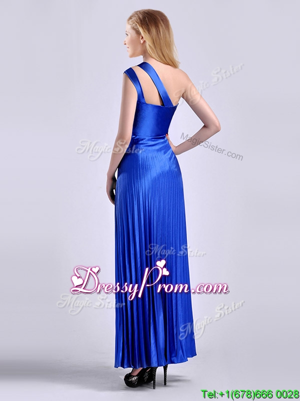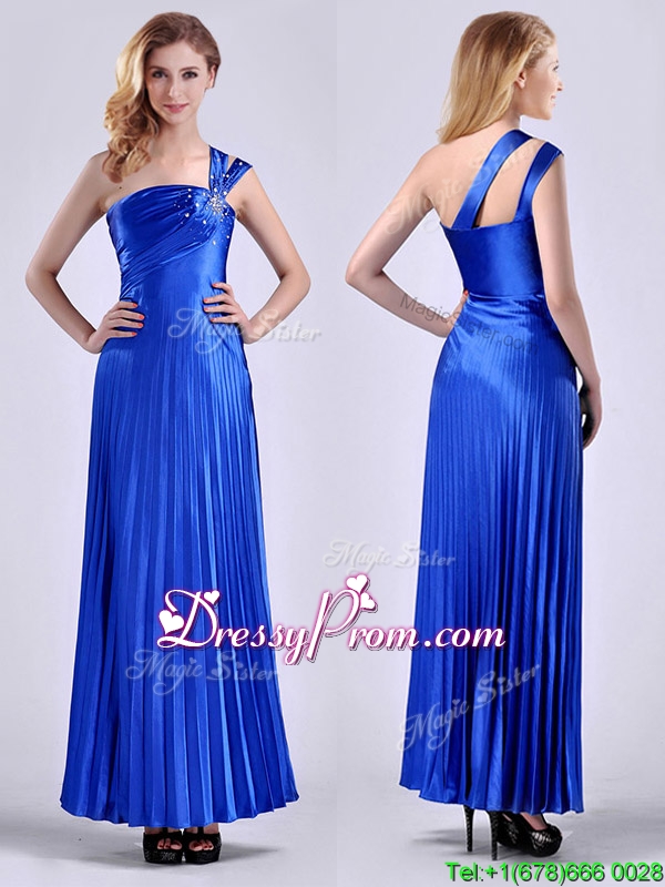 Neckline : One shoulderShown Color : Royal BlueSilhouette : EmpireSleeve Length : sleevelessHemline : ankle lengthBack Detail : Side zipperFabric : TaffetaEmbellishment : Beading,PleatedOccasion : Prom,Formal Evening,Homecoming,Graduation,PageantSeason : Spring,Summer,Fall,Winter
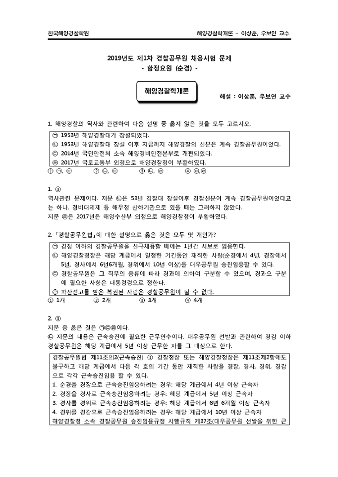 이상훈 / 우보연 교수님의 해양경찰학 해설을 첨부파일로 확인해주시길 바랍니다.
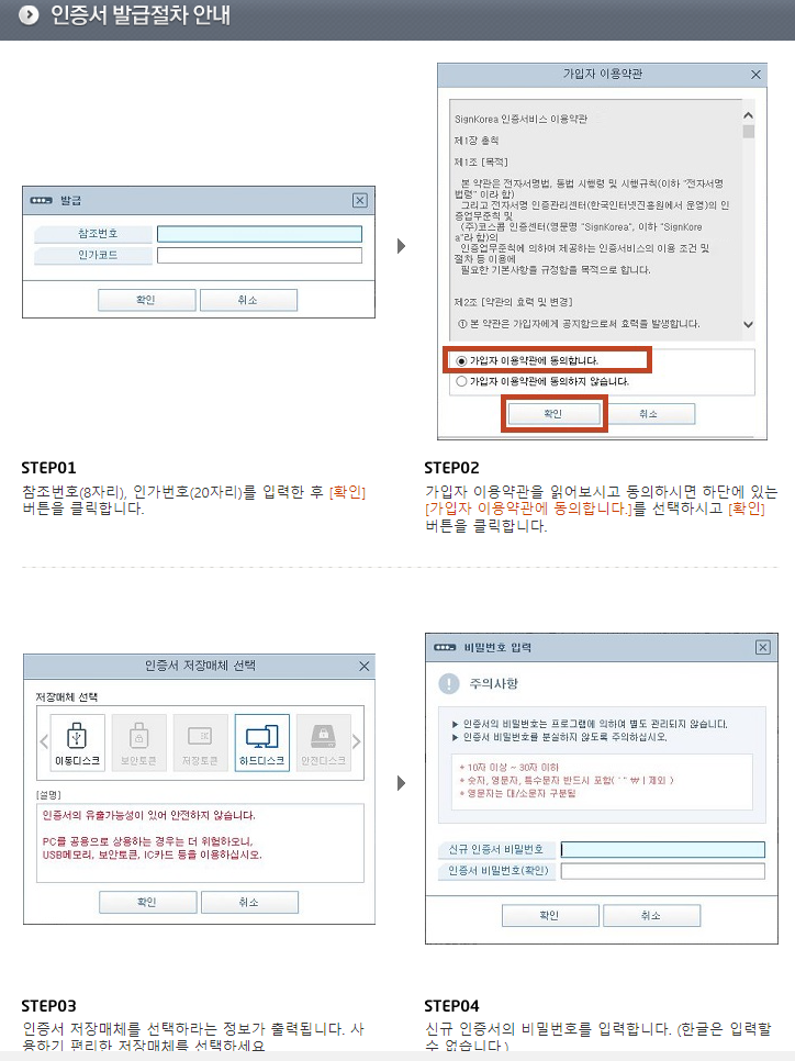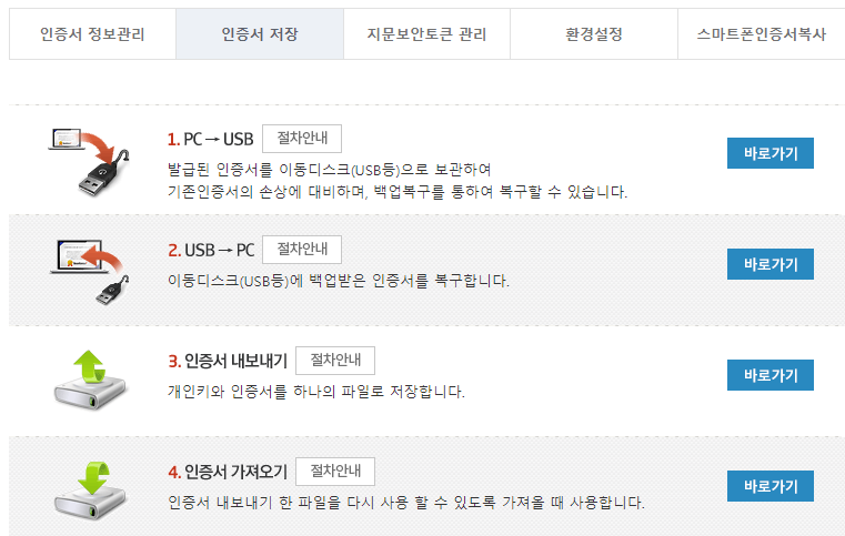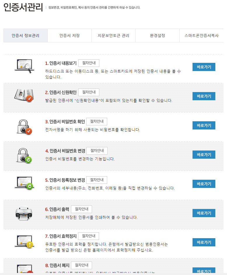 공동인증서 인터넷 신청 방법 인증서 관리 방법
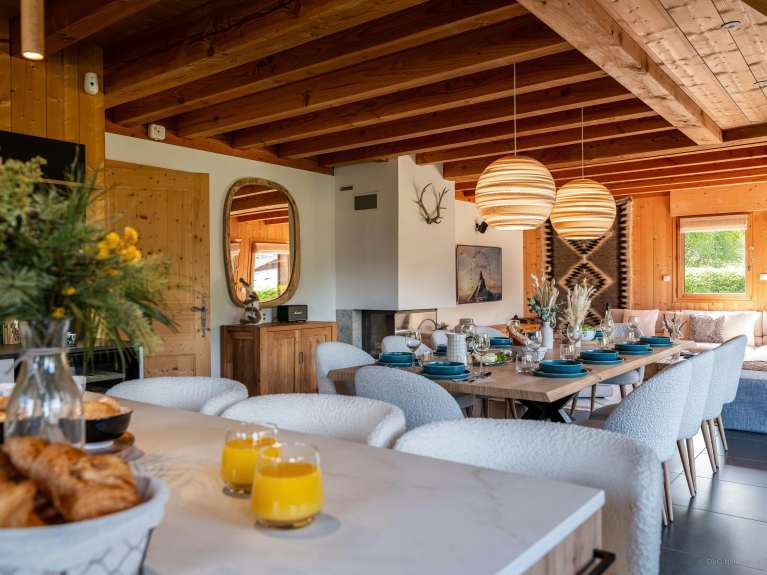 Jusqu’à 12 vacanciers (dont 10 adultes) peuvent séjourner au Chalet OCimes, qui compte cinq chambres et six salles de bains aménagées sur deux étages.

THE TASK:
Please repeat every line from the listing above exactly as it appears. Drop the pictures.

RESULT:
 Neckline : One shoulderShown Color : Royal BlueSilhouette : EmpireSleeve Length : sleevelessHemline : ankle lengthBack Detail : Side zipperFabric : TaffetaEmbellishment : Beading,PleatedOccasion : Prom,Formal Evening,Homecoming,Graduation,PageantSeason : Spring,Summer,Fall,Winter
 이상훈 / 우보연 교수님의 해양경찰학 해설을 첨부파일로 확인해주시길 바랍니다.
 공동인증서 인터넷 신청 방법 인증서 관리 방법
 Jusqu’à 12 vacanciers (dont 10 adultes) peuvent séjourner au Chalet OCimes, qui compte cinq chambres et six salles de bains aménagées sur deux étages.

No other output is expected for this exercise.